February 2020’s unusually warm weather pattern has contributed to an extra special bloom season labeled the “super bloom”.

“Many are considering this to be a ‘super bloom’ since the weather has been so warm,” said Ali Cox, CEO. “This means you see all of the varieties blooming at the same time.”

In most orchards, there are different varieties planted from row to row. With different varieties come different maturity patterns (including bloom dates based on weather). This year’s super bloom is occurring because almost all almond varieties are starting to bloom at around the same time due to recent warm weather patterns.

What is bloom?

Bloom is the time when almond trees are emerging from dormancy and their buds begin to blossom, usually from mid-February to mid-March. While some almond tree varieties are self-pollinating, most blossoms must be pollinated by honeybees and will turn into almonds as the trees continue their production cycle. Almond blossoms have a sweet fragrant and are white or blush in color.

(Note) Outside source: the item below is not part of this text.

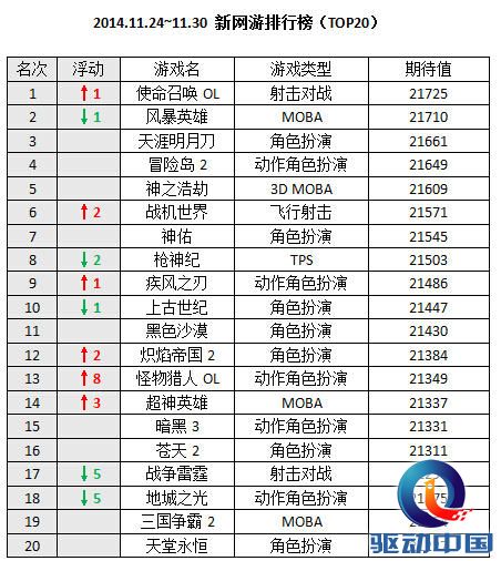 11-20名,《怪物猎人OL》同样是因为在TGC上公布了中国主题怪物以及测试时间后受到了玩家的关注,本期大涨8位冲回了榜单前20位。《炽焰帝国2》和《超神英雄》本期同样涨势明显。下滑方面。《战争雷霆》和《地城之光》本期双双下滑5位。

Because of California’s Mediterranean climate, the state is one of the few places in the world where almond trees can thrive – growing 80% of the world’s almonds according to the California Almond Board. Almonds play a critical role in California’s economy as they are responsible for 104,000 jobs and contribute $11 billion to the states GDP.

What does bloom mean for us?

For some, bloom season marks the start of spring. For our clients, bloom season typically is a season of preparation. Preparation can range from field and groundwork to crop estimates. Since pollinated blooms eventually mature into almonds, crop estimates can be determined by counting the number of blooms.  

At AC&C, we like to use the bloom season for content gathering! The blooms make for a beautiful backdrop for ag client team photos or headshots, photos for social media or graphic design, and drone imagery. There’s nothing quite like a drone video of the almond trees in full bloom!

As you’re driving around these next few weeks, especially in Stanislaus and San Joaquin counties – the counties with the heaviest almond tree concentration, be sure to roll the window down to take in the sweet smell of the blossoms. Take a moment to appreciate the special experience that most will never see and that rivals Washington D.C.’s cherry tree blooms. California agriculture makes for a beautiful backyard!